By Sid Perkins
Global warming is real and will continue, and there’s strong evidence that people are to blame, an international panel of scientists has concluded. Other scientists suggest ways that people might reduce future atmosphere-warming greenhouse-gas emissions and argue that societies will have to adapt to the climate change that’s yet to occur.
“The evidence for warming having happened on the planet is unequivocal,” says Susan Solomon, an atmospheric scientist at the National Oceanic and Atmospheric Administration in Boulder, Colo. “We can see that in rising air temperatures, we can see it in changes in snow cover in the Northern Hemisphere, we can see it in global sea rise,” she says. Solomon and her colleagues on the Intergovernmental Panel on Climate Change (IPCC) released their latest assessment of recent warming trends at a press conference in Paris on Feb. 2.
The average temperatures at Earth’s surface for 11 of the past 12 years rank among the dozen highest values recorded since the mid-1800s. Over the past 100 years, global average temperature has risen about 0.74°C, the IPCC researchers report. With 90 percent certainty, scientists link that increase to the rising concentrations of carbon dioxide and other heat-trapping greenhouse gases that human activities have released into Earth’s atmosphere.
Carbon dioxide concentrations measured 379 parts per million (ppm) in 2005, far in excess of the fractions inferred from ice-core data representing periods going back 650,000 years. The concentration of atmospheric carbon dioxide is now growing at around 1.9 ppm per year, the largest rate of increase ever measured. Accordingly, scientists suggest in the IPCC report that over the next 20 years, the average global temperature will rise by an additional 0.4°C.
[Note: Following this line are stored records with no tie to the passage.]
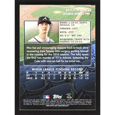 This is a 2018 Stadium Club Max Fried baseball card. The card is #217 and pictures show condition.
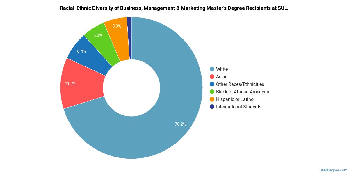 Of the students who received a business, management and marketing master's degree from SUNY Poly, 70% were white. This is above average for this degree on the natiowide level.
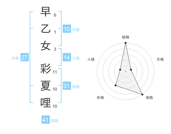 早乙女 彩夏哩さんを姓名の画数から五運を鑑定
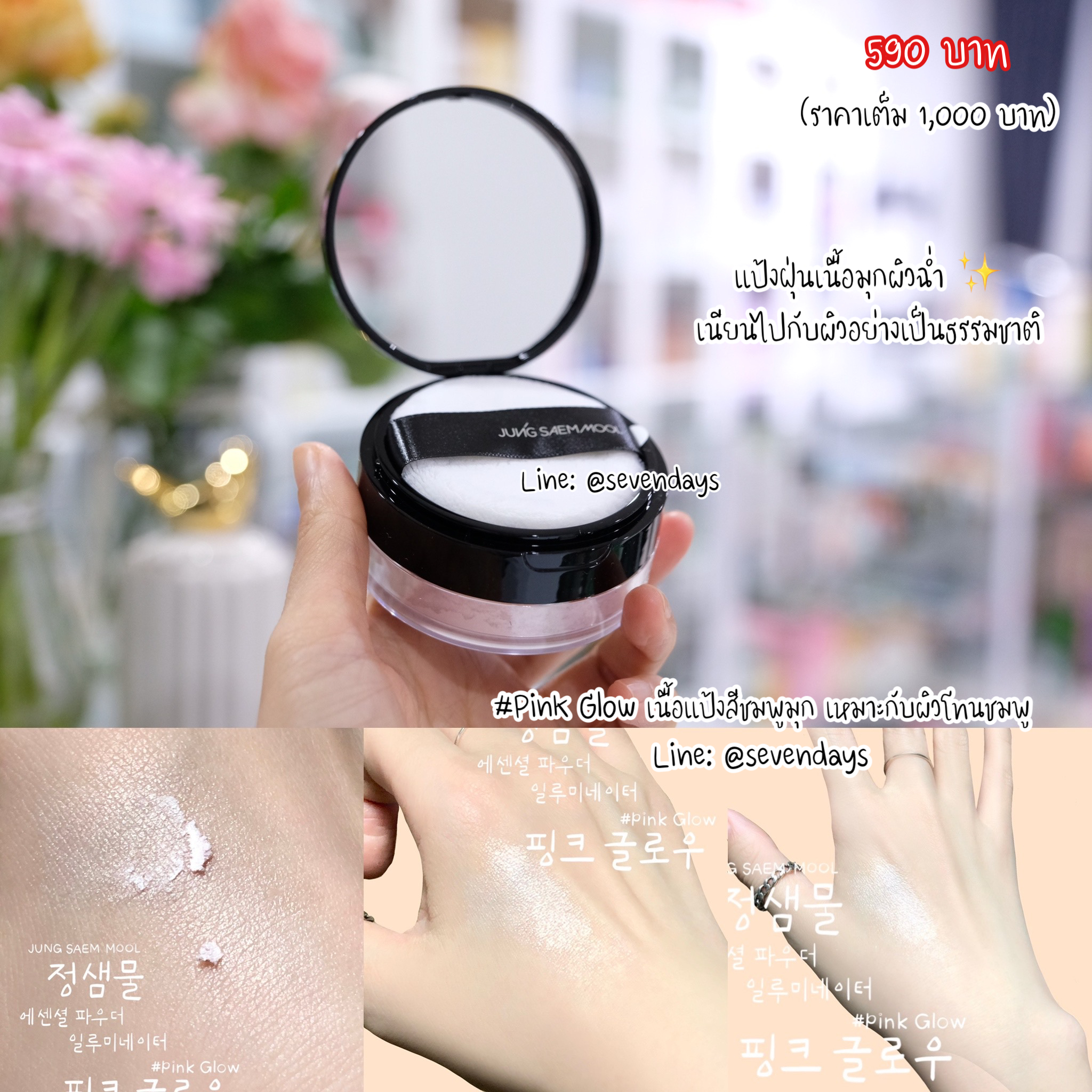 สี Pink Glow เนื้อแป้งสีชมพูมุก เหมาะกับผิวโทนชมพู

Today, coal and petroleum combustion each account for about 40 percent of global carbon dioxide emissions, says Daniel P. Schrag, a geochemist at Harvard University. The largest use of coal, burning it to generate electricity, produces about 8 billion tons of carbon dioxide each year—”more than any responsible climate change policy can accommodate,” he says in the Feb. 9 Science.
Strategies to decrease carbon dioxide emissions include reducing energy use, capturing carbon dioxide at its sources and sequestering it, or expanding the application of energy sources that don’t produce the gas. “It’s clear that none of these is a silver bullet,” says Schrag.
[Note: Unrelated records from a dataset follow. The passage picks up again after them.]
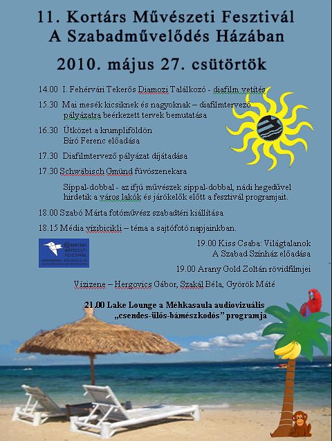 A Szabadművelődés Házába költözik csütörtökön a Kortárs Művészeti Fesztivál. 14 órától számos programmal várnak minden korosztályt. A programsorozat diavetítéssel kezdődik, az utolsó program este 21 órakor kezdődik. A fesztivál ezen kívül számos helyszínen, számos programmal várja az érdeklődőket.
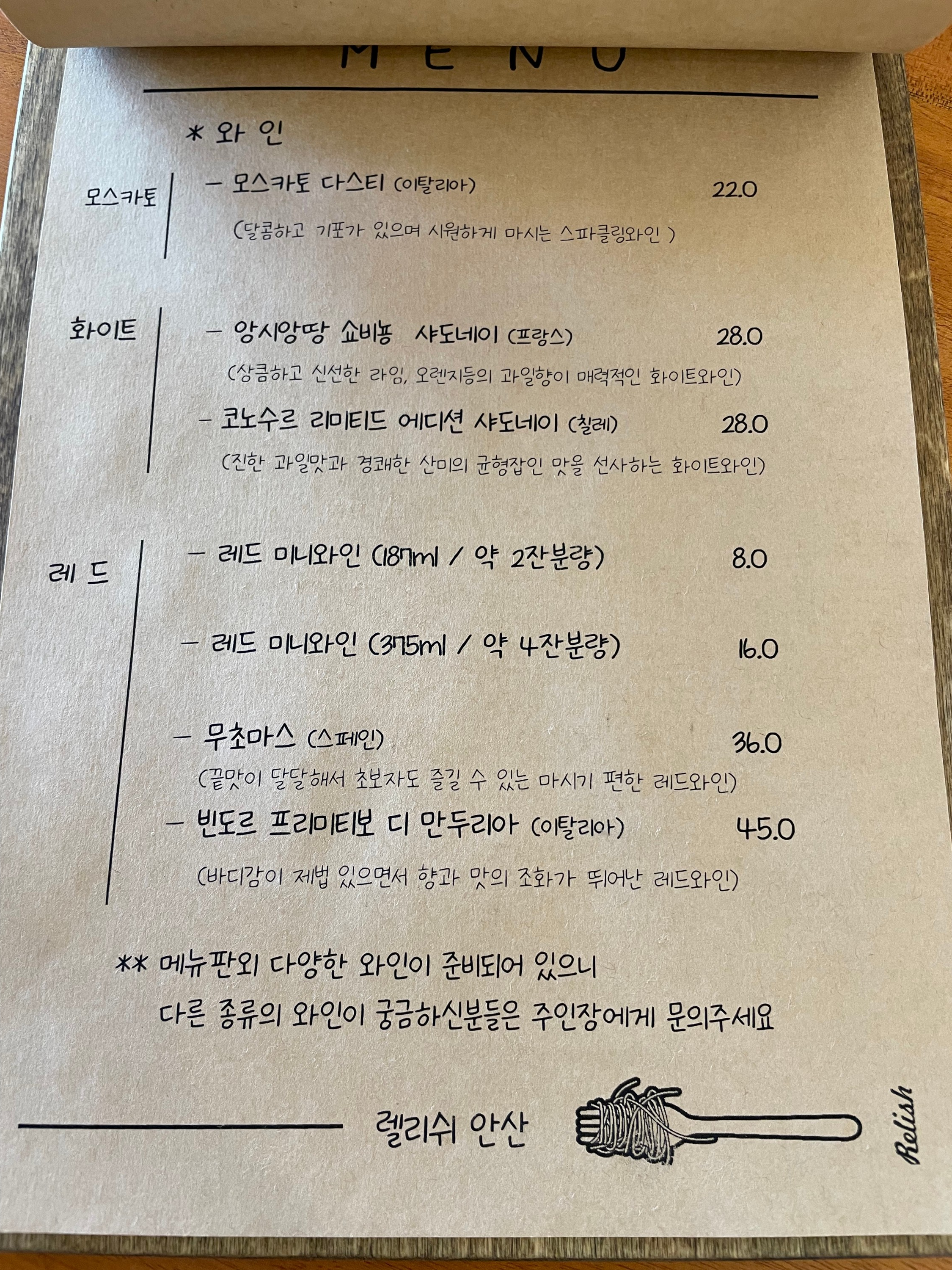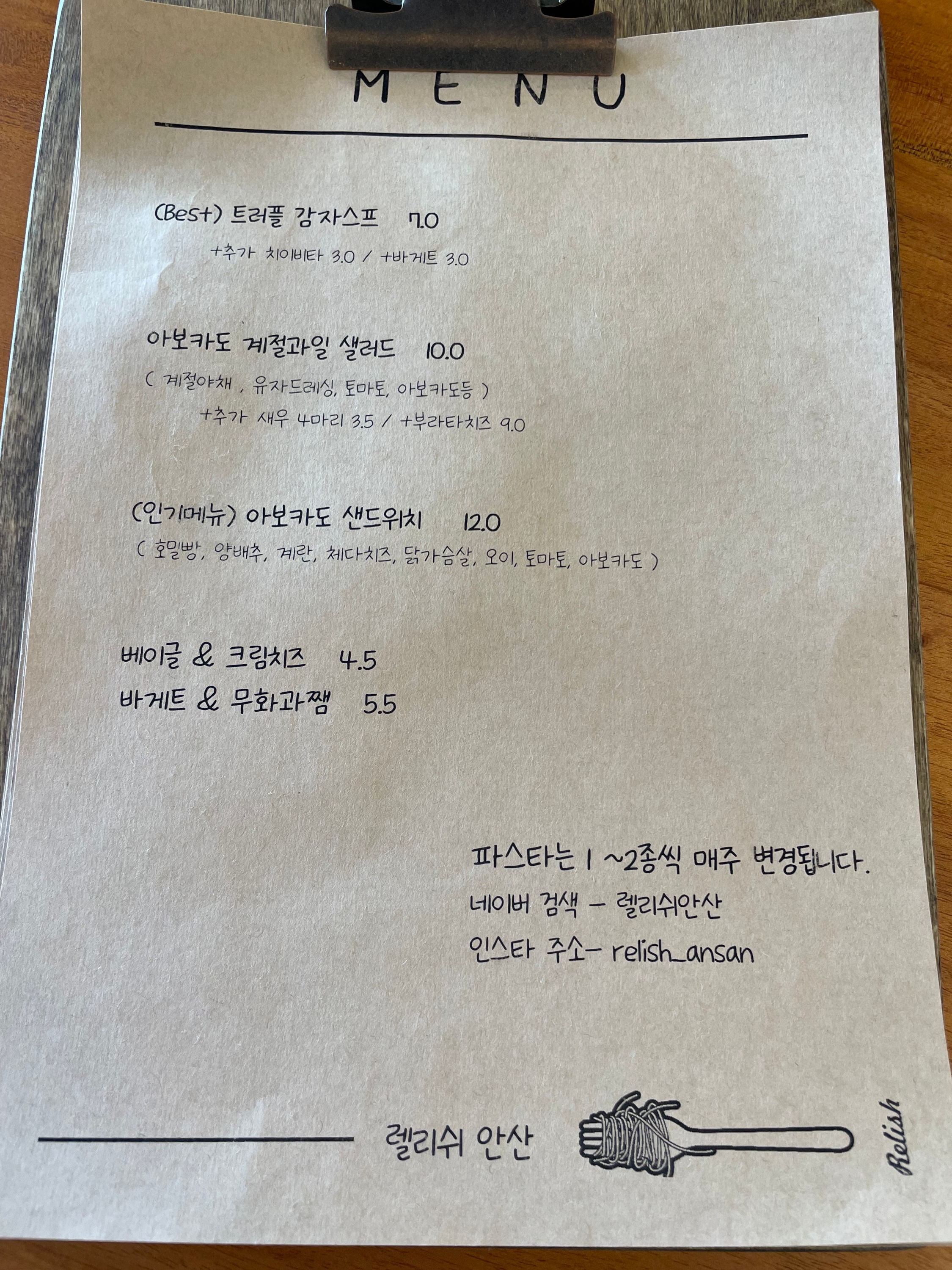 안산 월피동 맛집 렐리쉬(베르두레) 메뉴판이에요. 파스타 종류도 있고 스테이크와 음료, 주류, 와인까지!! 다양한 메뉴들을 맛보실 수 있어요.
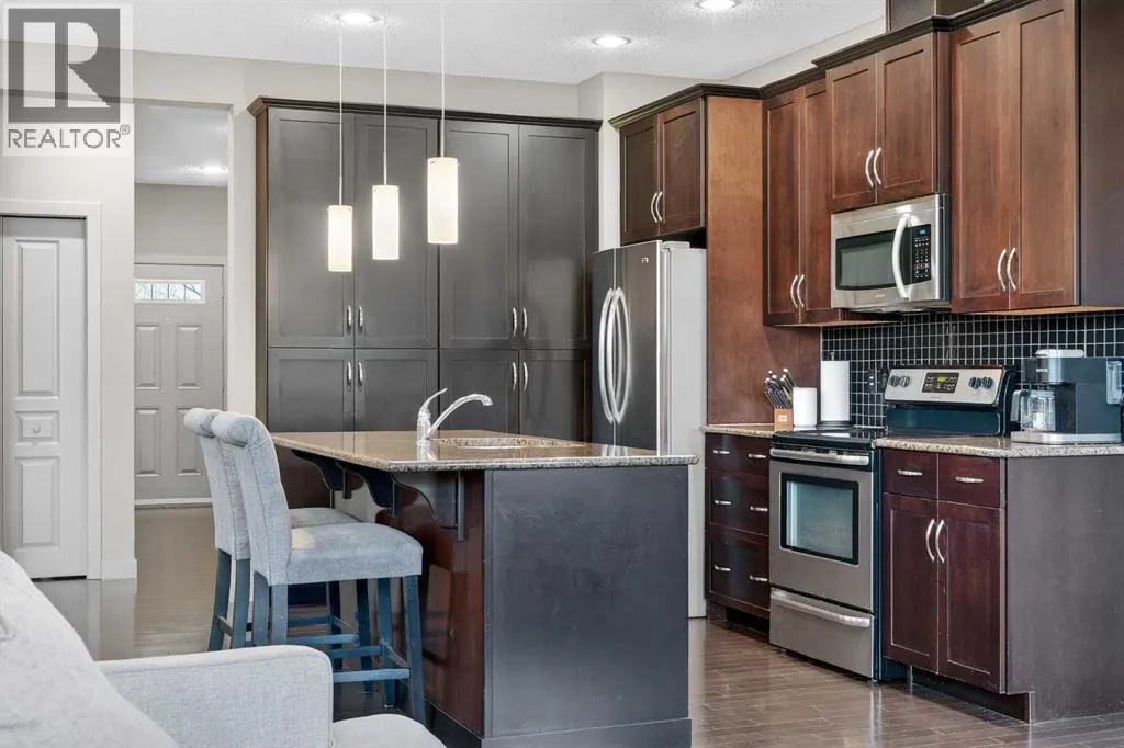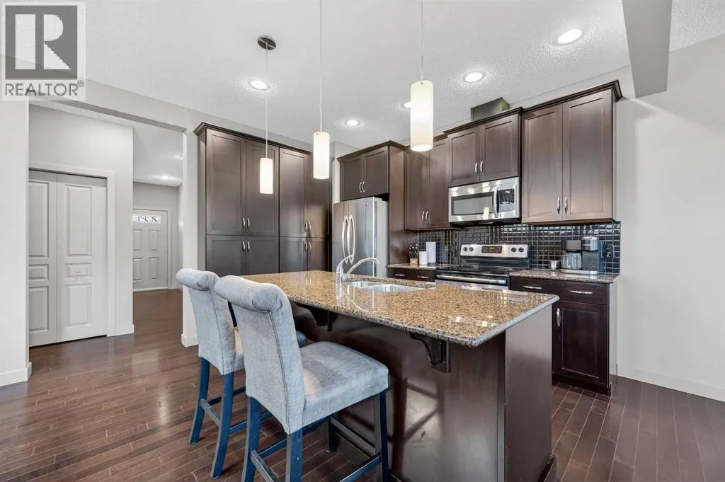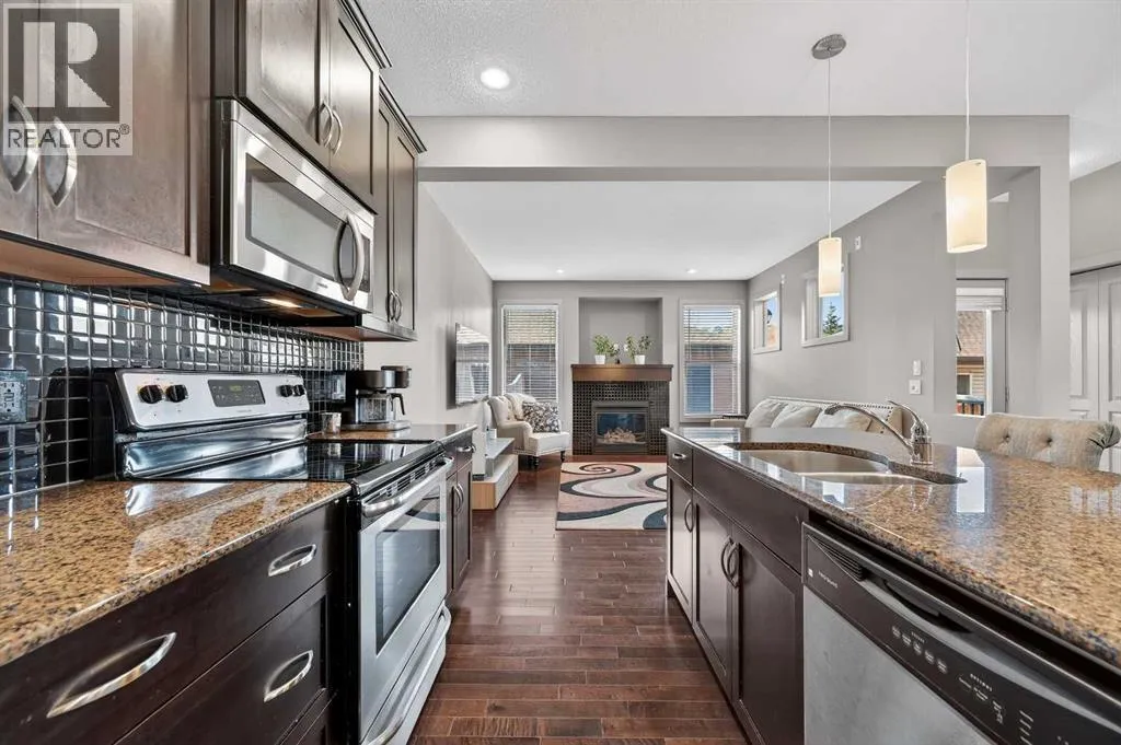 JEWEL BOX OF A DEAL | CHAPARRAL VALLEY | NATURE & LUXURY COMBINEDWelcome to a truly exceptional home where lifestyle meets location in the heart of Chaparral Valleyâjust steps from Fish Creek Park, the Bow River pathways, Blue Devil Golf Course, ponds, playgrounds, and an abundance of green space. This custom-crafted home offers over 1,629 sq ft of beautifully designed living space, 3 bedrooms plus a main-floor den, 2.5 bathrooms, and stunning views that create a peaceful retreat in an urban setting.The thoughtfully designed open-concept main level is ideal for modern family living and effortless entertaining. Soaring 9â ceilings on both the primary enhance the spacious feel, while extra windows flood the interior with natural light. The chef-inspired kitchen is the heart of the home, featuring rich dark-stained shaker cabinets extended almost to the ceiling, granite countertops, a large central island with an eating bar, a wall pantry, a full-height tile backsplash, and upgraded stainless steel appliances.Overlooking the dining area and cozy great room with a gas fireplace, the main floor also includes a private front-facing denâperfect for a home office, reading room, or play area.Upstairs, you'll find a spacious primary suite with a private ensuite including a separate tiled shower, long vanities, and a supersized walk-in closet. Two additional bedrooms, an upper-floor laundry room, and a second full bathroom complete this well-planned level.Step outside to your backyard oasis, a sunny and private west-facing yard with a detached garage, low-maintenance landscaping, a raised BBQ deck, and a lower patio - all perfect for relaxing, entertaining, or family fun. Curb appeal is top-notch, featuring wood column accents, stone detailing, upper front verandah and a covered front porch that warmly welcomes guests.Additional upgrades include:Hardwood floorsModern lighting and plumbing fixturesGranite countertops Custom baseboards, doors, and trimUnspoiled b asement with great development potentialLocated near schools, shopping, restaurants, public transit, and the South Health Campus in Seton, this home is a must-see for families, professionals, or anyone seeking a lifestyle rooted in both nature and convenience.Donât miss your chance to view this one-of-a-kind propertyâcall your friendly REALTOR® today for a private tour! (id:27476)

However, one promising technique is to lock away the gas by injecting it into seafloor sediments or by pumping it into saline aquifers or old oil and gas fields. In ongoing research, scientists at a handful of test sites sequester only about 1 million tons of carbon dioxide each year, Schrag reports.
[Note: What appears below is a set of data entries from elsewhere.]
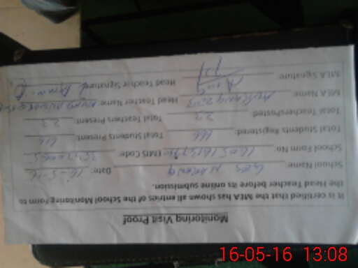 | Attendance Register | Head Teacher | MEA with School | Visit Proof |
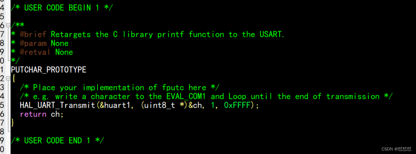在 /* USER CODE BEGIN 1 */ 和 /* USER CODE END 1 */ 之间加入以下代码:
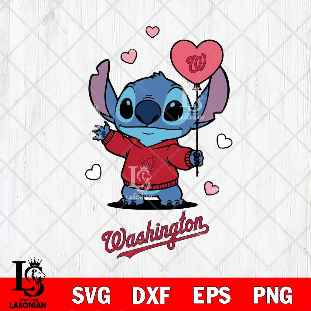Washington Nationals Stitch Balloons Heart Digital Download, MLB SVG DXF EPS PNG PDF File, Stitch File cut , Criucut , Silhouette
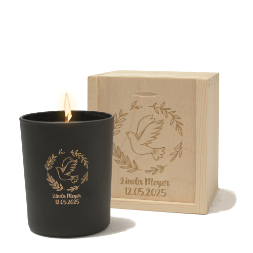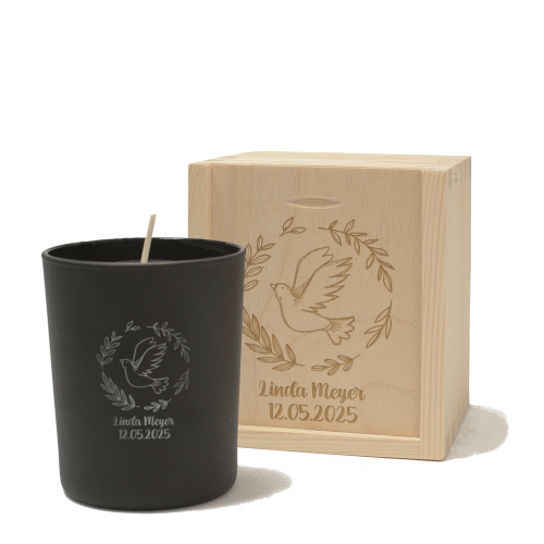 Auf Wunsch kann die Taufkerze in einer hochwertigen Holzbox verschenkt werden, die optional mit der gleichen Gravur verziert wird – für eine wirklich einzigartige Überraschung.
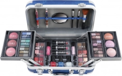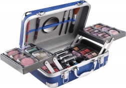 Mallette cosmétique avec coins en aluminium Travel Blue avec miroir intégré – au total 84 pièces d’accessoires.

Even the most optimistic projections of emissions limits show global greenhouse-gas concentrations rising for the foreseeable future, says Roger Pielke Jr., a policy analyst at the University of Colorado at Boulder. Future climate change is unavoidable, he and his colleagues report in the Feb. 8 Nature. Therefore, they add, adaptation to the warming yet to come will be as essential to climate policy as greenhouse-gas mitigation.
The IPCC is scheduled to address the mitigation of climate change in an April report. In May, the group will issue an assessment of the societal impact of current and future warming and is to suggest how people might best adjust to the change.